On Oct. 17, 2008, one day after the Swiss government bailed out the bank, UBS executives and Swiss regulators met with U.S. officials to discuss a wide-ranging tax DOJ fraud investigation centered on the bank.

At the meeting, Kevin Downing, a Tax Division attorney, pressed UBS to disclose the names of U.S. tax evaders. According to persons who were at the meeting, Downing informed UBS that it would have to turn over the names in order to work out a settlement, Reuters reported.

UBS General Counsel Markus Diethelm, who had intended for the company to admit guilt and settle quickly, instead faced the prospect of choosing between violating coveted Swiss banking secrecy or an indictment from the U.S. Department of Justice.

The Securities and Exchange Commission had begun the investigation of UBS in early 2008, and the Justice Department jumped on board shortly thereafter. In May 2008, the investigation had a breakthrough when a former UBS banker pointed U.S. investigators to thousands of suspected American tax evaders allegedly concealing assets in UBS’ Swiss bank accounts.

The whistleblower, Bradley Birkenfeld, later pleaded guilty to charges stemming from his failure to report the tax evasion by his biggest client, California real estate developer Igor Olenicoff, who eventually paid $52 million in fines and back taxes. Birkenfeld was sentenced to three years and four months for his part in the scheme and began serving his time in January 2010.

In February 2009, UBS entered into a deferred prosecution agreement, admitting guilt on charges of conspiring to defraud the United States by impeding the IRS. As part of the agreement, the bank provided the United States with the identities and account information for about 4,450 U.S. customers of UBS. The bank also paid $780 million in fines, penalties, interest and restitution.

Citing “interviews with insiders and a review of documents,” the Reuters article described how the tax case was ultimately resolved, including direct involvement from Secretary of State Hillary Clinton.

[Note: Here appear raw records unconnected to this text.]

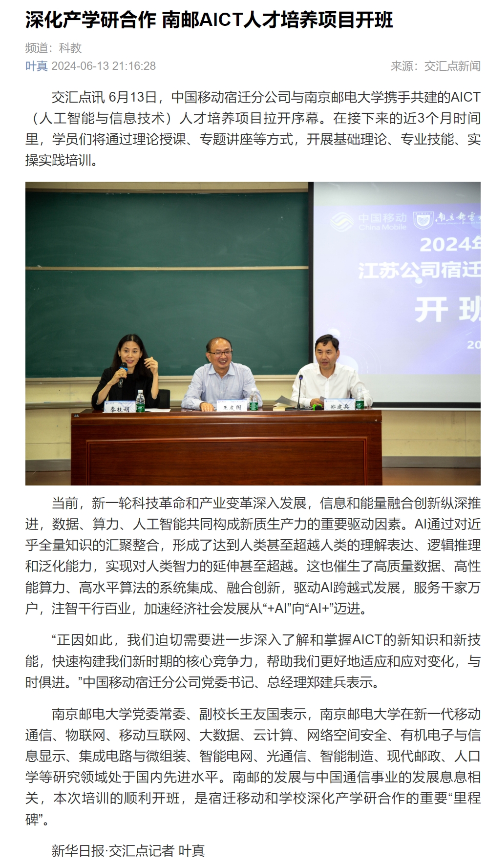 【新華日報客戶端】深化產學研合作 南郵AICT人才培養(yǎng)項目開班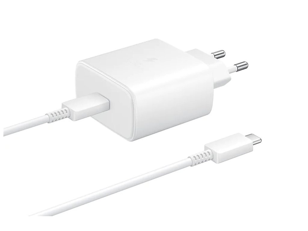 Samsung originální nabíječka do zásuvky s USB-C kabelem a podporou rychlonabíjení 45 W.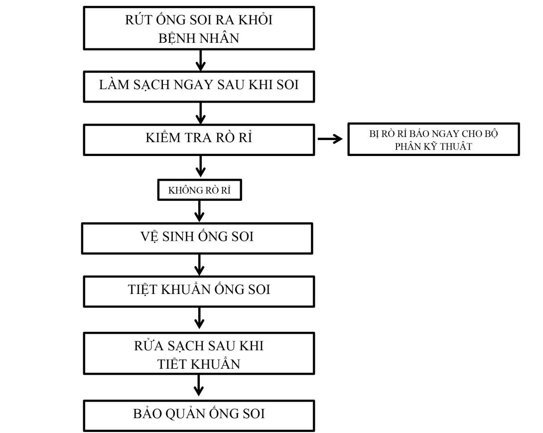 Làm sạch sơ bộ (tại phòng soi): Ngay sau khi rút ống ra khỏi bệnh nhân, nhân viên y tế lau sạch mặt ngoài và hút dung dịch làm sạch qua kênh thủ thuật để loại bỏ chất tiết, ngăn chặn sự hình thành màng sinh học (biofilm).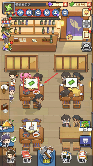 3、在大廳場景,點(diǎn)擊顧客桌前的金幣標(biāo)識,完成訂單結(jié)算,獲取對應(yīng)收益以支持店鋪升級與運(yùn)營。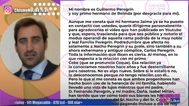 En el programa "Chisme No Like", Elisa Beristain y Javier Ceriani compartieron una carta que les envió Guillermo Peregrín, primo hermano de Belinda, en la que hace fuertes revelaciones sobre la "rama podrida" de la familia de la famosa cantante.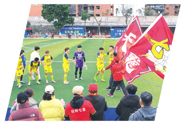 赛后,桂林市七星区队致谢球迷,从球迷手中接过队旗。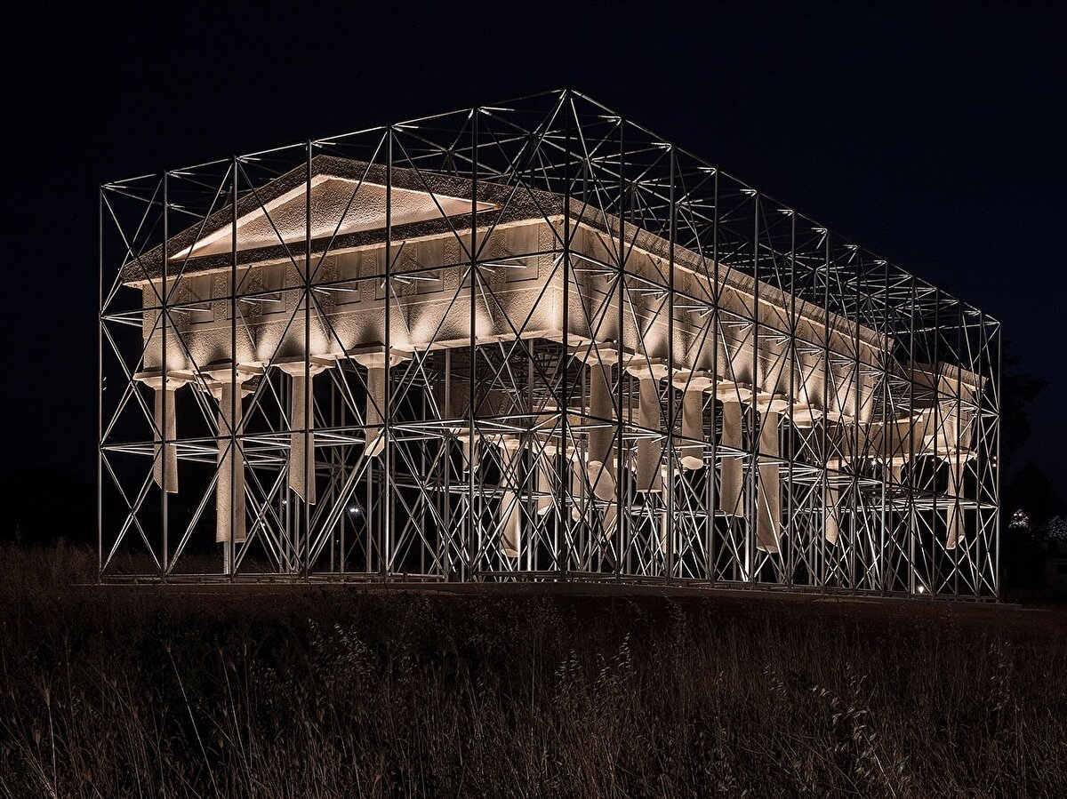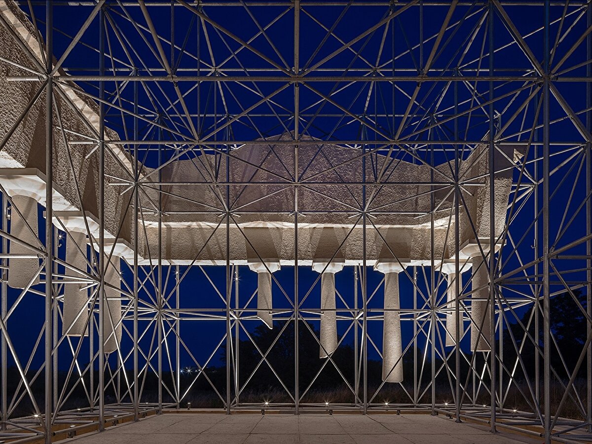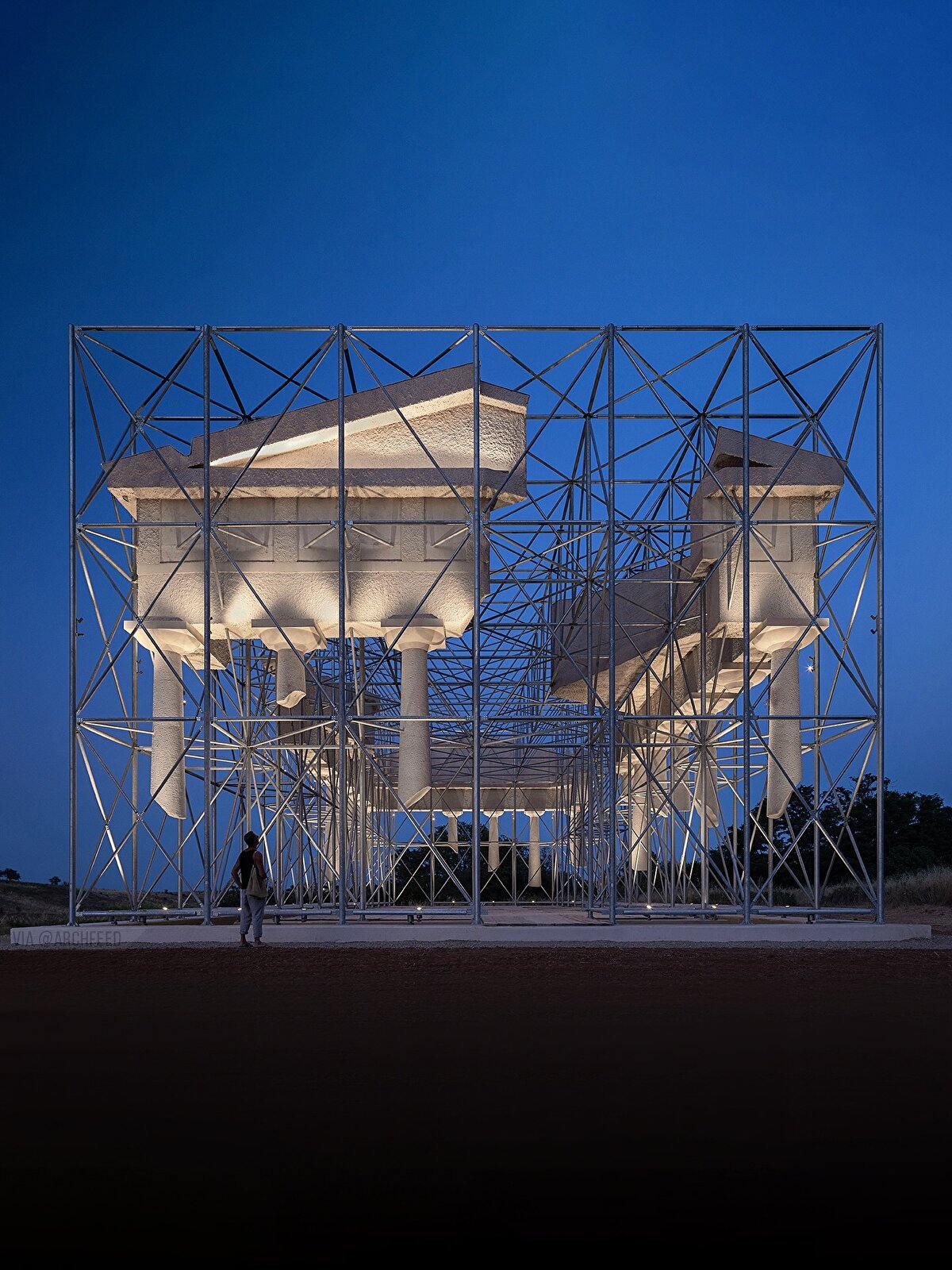 The Dionysus Temple, reimagined within a steel grid, offers a new perspective on archaeology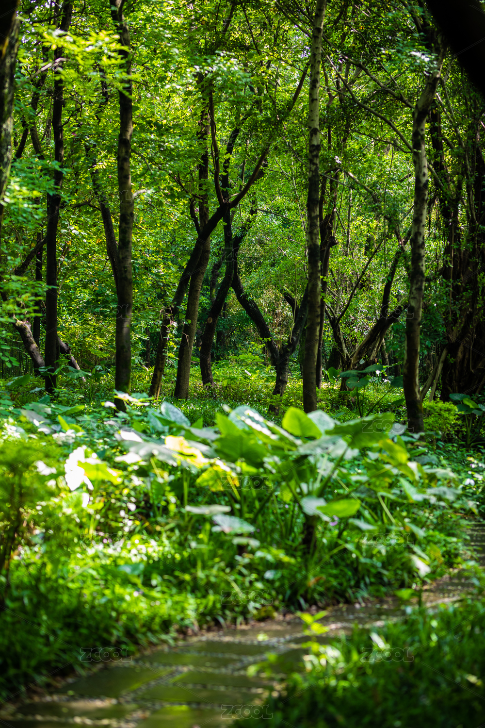 夏天的海浦东滨江森林公园林荫大道自然景观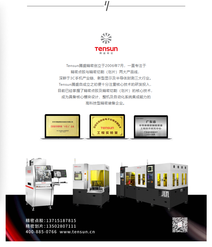 基于近年來中國先進封裝產(chǎn)業(yè)的崛起與發(fā)展,Tensun騰盛精密周云總監(jiān)從客戶實踐角度出發(fā),重點分享了騰盛十六年來在精密點膠與精密切割工藝上的沉淀與突破。周云總監(jiān)表示,在精密點膠應用上,騰盛以媲美國際品牌的品質獲得眾多頭部企業(yè)的信賴,騰盛精密的點膠設備以絕對市場占有率,獲得國家級專精特新“小巨人”稱號;而在精密切割應用上,騰盛精密始終保持著12寸國產(chǎn)劃片設備出貨第一的紀錄,同時騰盛精密也是中國第一家研制12寸劃片設備的企業(yè)。
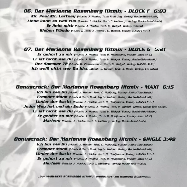 | Der Marianne Rosenberg Hitmix - Block F | 6:03 min | |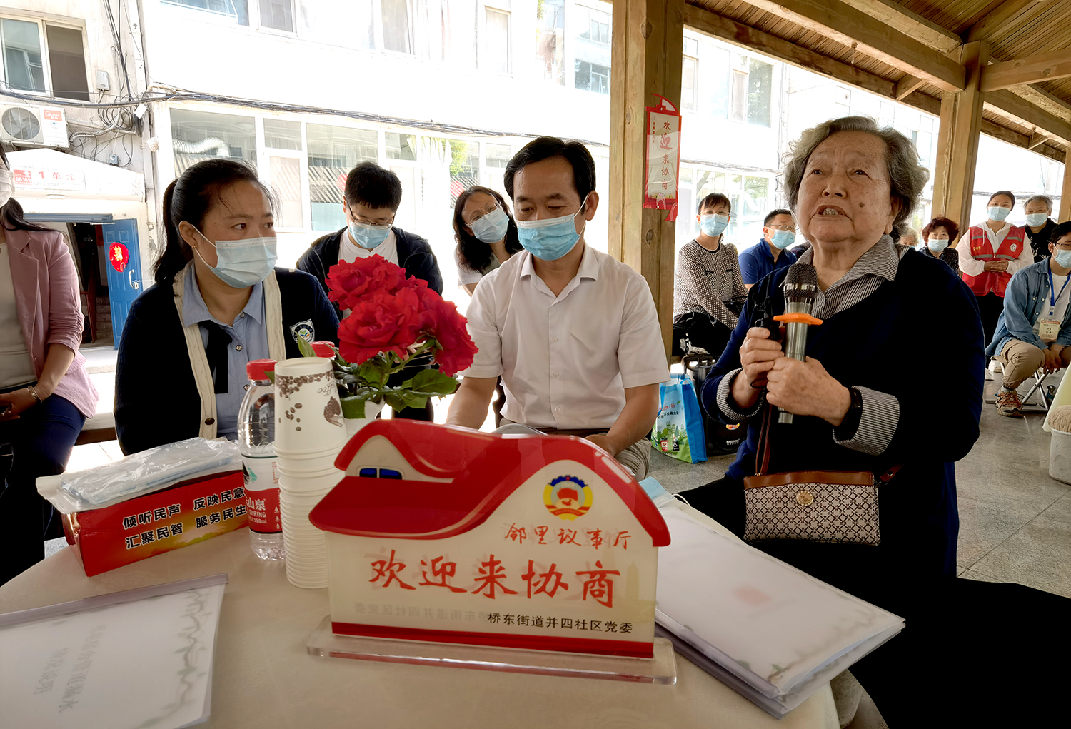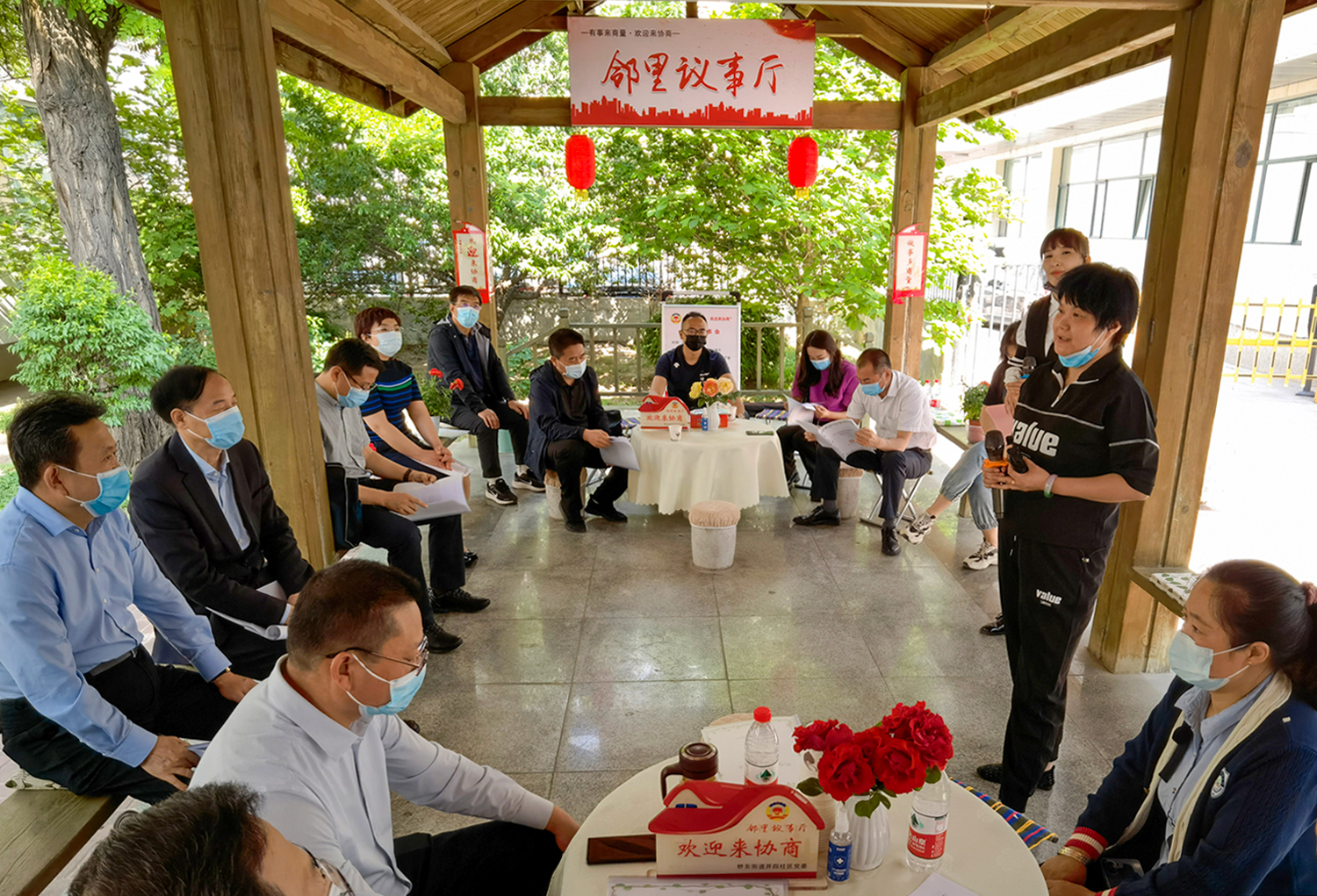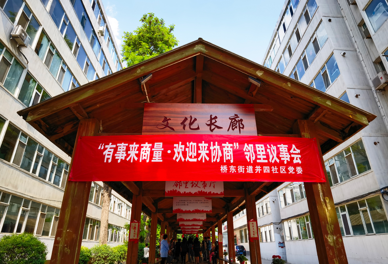 初夏。太原市迎澤區(qū)橋東街道并四社區(qū)新生里89號院,文化長廊里支起了三張“議事桌”。兩側(cè)長廊不夠坐,前排“見縫插針”擺上了小馬扎,來自街道社區(qū)、物業(yè)、居民和政協(xié)委員等各方面的代表圍坐在一起,“鄰里議事會”開場了。

According to Reuters, the Swiss Finance Ministry sent a letter to its U.S. counterparts meant to convey the message that Bern wanted to find a solution to the UBS case despite the obvious legal constraints.

U.S. officials saw the letter as political interference and never responded, the article said. Instead, DOJ officials contacted UBS on Nov. 12 to inform it that Raoul Weil, UBS’s global head of wealth management, was being indicted, sparking fear that Chief Executive Marcel Rohner and Chairman Peter Kurer would be next.

UBS is still feeling the effects of the settlement, but has managed to avoid disaster, thanks in part to Oswald Gruebel the bank’s new CEO, the story said.

Tuesday, January 5th, 2010

Attorneys for former UBS AG banker Bradley Birkenfeld have filed a complaint with the Justice Department’s Office of Professional Responsibility, asking the internal department ethics watchdog to investigate the handling of his case.

Birkenfeld, who exposed alleged widespread tax evasion of Americans with accounts at the Swiss bank, has been on a PR offensive, arguing he should not serve a three-year prison sentence he’s been ordered to begin on Friday.

In a letter to Attorney General Eric Holder, Birkenfeld’s attorney’s attacked statements made by Associate Attorney General Tom Perrelli on “60 Minutes” Sunday and a federal judge as ”inaccurate, misleading and incomplete,” the New York Times reported.

“These statements had a material impact on Mr. Birkenfeld, and caused the Department of Justice to improperly seek jail time for one of the most important tax whistleblowers in American history,” Birkenfeld attorneys Stephen Kohn and Dean Zerbe said in the complaint, according to The Associated Press.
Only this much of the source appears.